P.S.: this will only work if the identical entries are together in the original vector. If not, you may want to sort the vector first.
Using algorithm:
std::size_t count_unique(const std::vector<int>& v)
{
std::size_t count = 0;
for (auto it = v.begin(); it != v.end(); )
{
auto it2 = std::find_if(it + 1, v.end(), [&](int e) { return e != *it; });
count += (it2 - it == 1);
it = it2;
}
return count;
}
Demo
Hey here is a trick question asked in class today, I was wondering if there is a way to find a unique number in a array, The usual method is to use two for loops and get the unique number which does not match with all the others I am using std::vectors for my array in C++ and was wondering if find could spot the unique number as I wouldn't know where the unique number is in the array.
Assuming that we know that the vector has at least three
elements (because otherwise, the question doesn't make sense),
just look for an element different from the first. If it
happens to be the second, of course, we have to check the third
to see whether it was the first or the second which is unique,
which means a little extra code, but roughly:
std::vector<int>::const_iterator
findUniqueEntry( std::vector<int>::const_iterator begin,
std::vector<int>::const_iterator end )
{
std::vector<int>::const_iterator result
= std::find_if(
next( begin ), end, []( int value) { return value != *begin );
if ( result == next( begin ) && *result == *next( result ) ) {
-- result;
}
return result;
}
(Not tested, but you get the idea.)
As others have said, sorting is one option. Then your unique value(s) will have a different value on either side.
Here's another option that solves it, using std::find, in O(n^2) time(one iteration of the vector, but each iteration iterates through the whole vector, minus one element.) - sorting not required.

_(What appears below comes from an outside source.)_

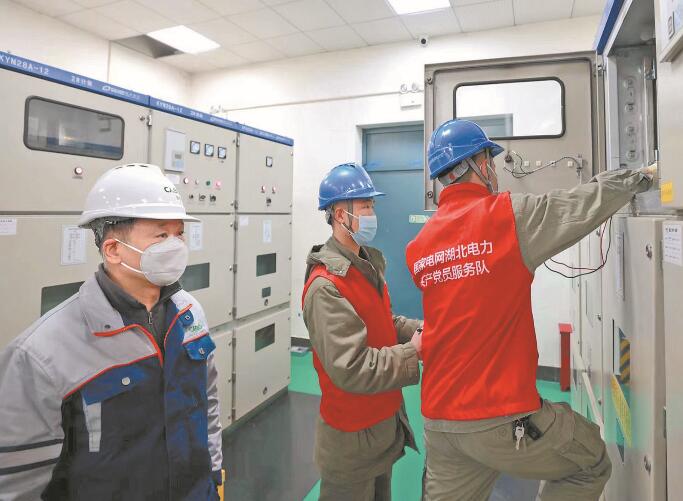 湖北鄂州供電公司黨員突擊隊隊員幫助企業測量低壓配電柜內電壓。戴佩 攝

vector<int> findUniques(vector<int> values)
{
vector<int> uniqueValues;
vector<int>::iterator begin = values.begin();
vector<int>::iterator end = values.end();
vector<int>::iterator current;
for(current = begin ; current != end ; current++)
{
int val = *current;
bool foundBefore = false;
bool foundAfter = false;
if (std::find(begin, current, val) != current)
{
foundBefore = true;
}
else if (std::find(current + 1, end, val) != end)
{
foundAfter = true;
}
if(!foundBefore && !foundAfter)
uniqueValues.push_back(val);
}
return uniqueValues;
}
Basically what is happening here, is that I am running ::find on the elements in the vector before my current element, and also running ::find on the elements after my current element. Since my current element already has the value stored in 'val'(ie, it's in the vector once already), if I find it before or after the current value, then it is not a unique value.

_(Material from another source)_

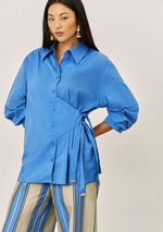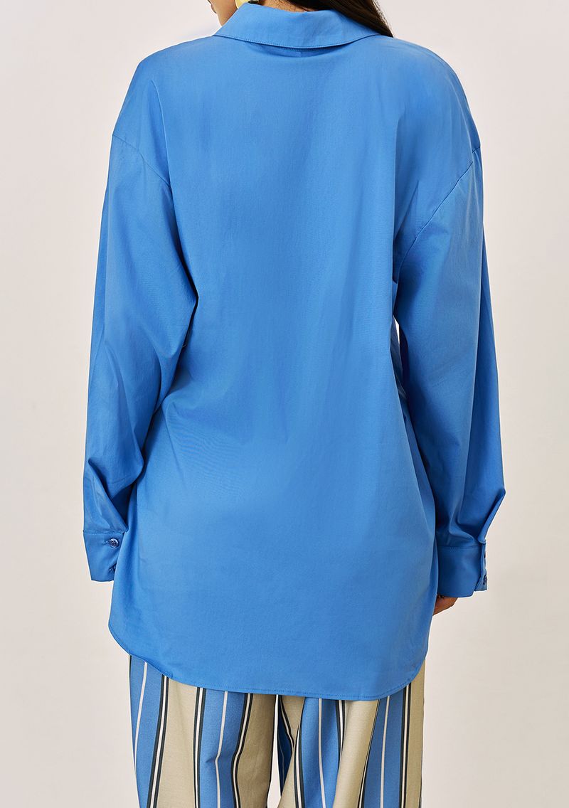 Camisa Iódice Ajustada Gola Tradicional Manga Longa Padrão Azul

This should find all values in the vector that are not unique, regardless of how many unique values there are.
Here's some test code to run it and see:
void printUniques(vector<int> uniques)
{
vector<int>::iterator it;
for(it = uniques.begin() ; it < uniques.end() ; it++)
{
cout << "Unique value: " << *it << endl;
}
}
void WaitForKey()
{
system("pause");
}
int main()
{
vector<int> values;
for(int i = 0 ; i < 10 ; i++)
{
values.push_back(i);
}
/*for(int i = 2 ; i < 10 ; i++)
{
values.push_back(i);
}*/
printUniques(findUniques(values));
WaitForKey();
return -13;
}
As an added bonus:
Here's a version that uses a map, does not use std::find, and gets the job done in O(nlogn) time - n for the for loop, and log(n) for map::find(), which uses a red-black tree.
map<int,bool> mapValues(vector<int> values)
{
map<int, bool> uniques;
for(unsigned int i = 0 ; i < values.size() ; i++)
{
uniques[values[i]] = (uniques.find(values[i]) == uniques.end());
}
return uniques;
}
void printUniques(map<int, bool> uniques)
{
cout << endl;
map<int, bool>::iterator it;
for(it = uniques.begin() ; it != uniques.end() ; it++)
{
if(it->second)
cout << "Unique value: " << it->first << endl;
}
}
And an explanation. Iterate over all elements in the vector<int>. If the current member is not in the map, set its value to true. If it is in the map, set the value to false. Afterwards, all values that have the value true are unique, and all values with false have one or more duplicates.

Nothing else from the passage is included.